(Provided data)
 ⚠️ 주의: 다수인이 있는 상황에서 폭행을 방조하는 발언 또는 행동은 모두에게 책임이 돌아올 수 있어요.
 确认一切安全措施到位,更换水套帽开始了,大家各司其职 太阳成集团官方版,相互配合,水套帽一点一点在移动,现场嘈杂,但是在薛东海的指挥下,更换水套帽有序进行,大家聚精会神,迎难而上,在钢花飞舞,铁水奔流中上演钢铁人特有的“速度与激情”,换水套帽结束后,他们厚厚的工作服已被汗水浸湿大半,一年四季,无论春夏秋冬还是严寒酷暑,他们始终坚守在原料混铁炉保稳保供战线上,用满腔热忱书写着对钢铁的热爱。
(End Provided data)
(Provided data)
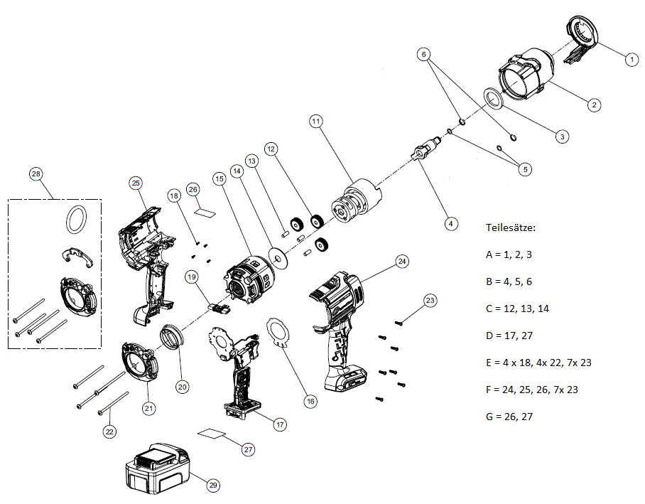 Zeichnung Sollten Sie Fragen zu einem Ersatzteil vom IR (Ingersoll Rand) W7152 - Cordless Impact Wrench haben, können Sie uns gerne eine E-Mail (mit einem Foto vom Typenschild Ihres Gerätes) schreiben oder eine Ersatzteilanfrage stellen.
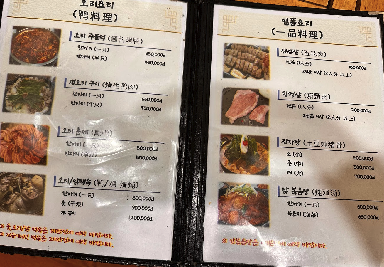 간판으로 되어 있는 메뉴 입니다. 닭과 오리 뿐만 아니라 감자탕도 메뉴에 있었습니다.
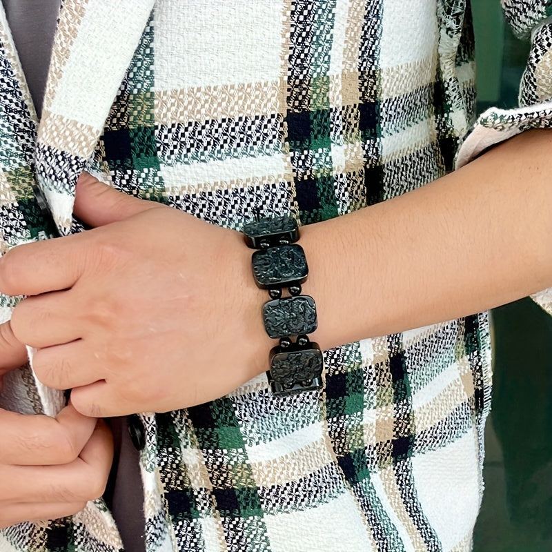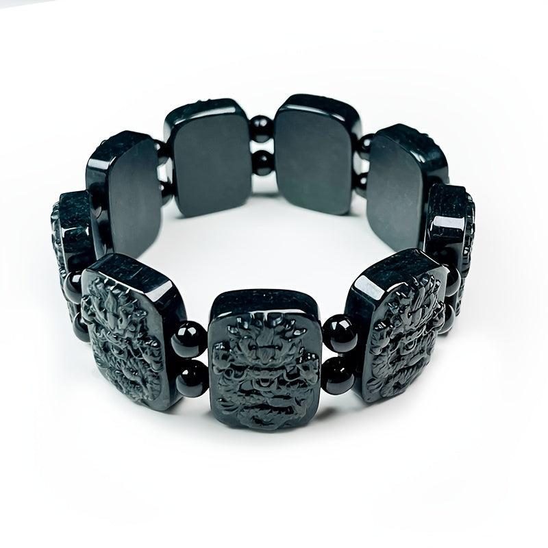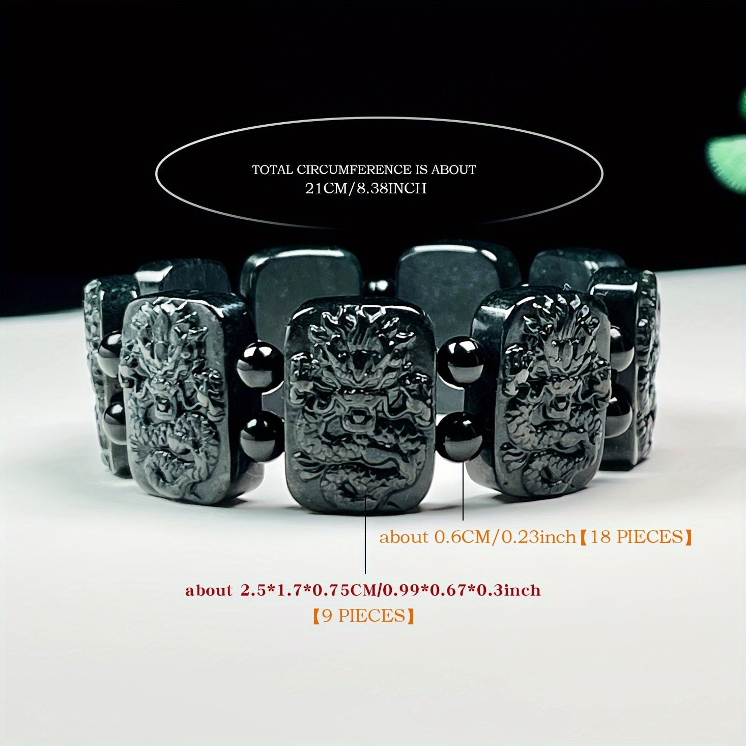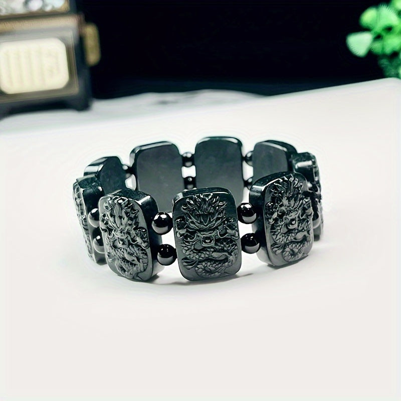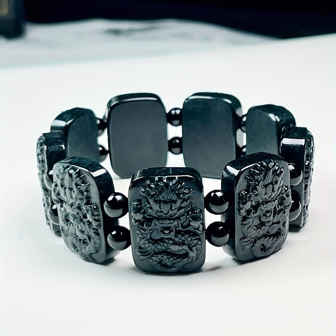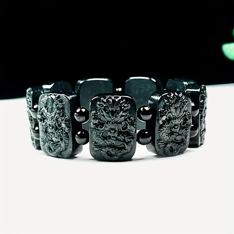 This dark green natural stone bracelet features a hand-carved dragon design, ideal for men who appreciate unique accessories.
(End Provided data)
■ Work task ■
From the records above, give again only the part that opens with the line containing "간판으로 되어 있는 메뉴" and closes with the line containing "This dark green". Keep both ends but drop the pictures.

■ Your response ■
 간판으로 되어 있는 메뉴 입니다. 닭과 오리 뿐만 아니라 감자탕도 메뉴에 있었습니다.
 This dark green natural stone bracelet features a hand-carved dragon design, ideal for men who appreciate unique accessories.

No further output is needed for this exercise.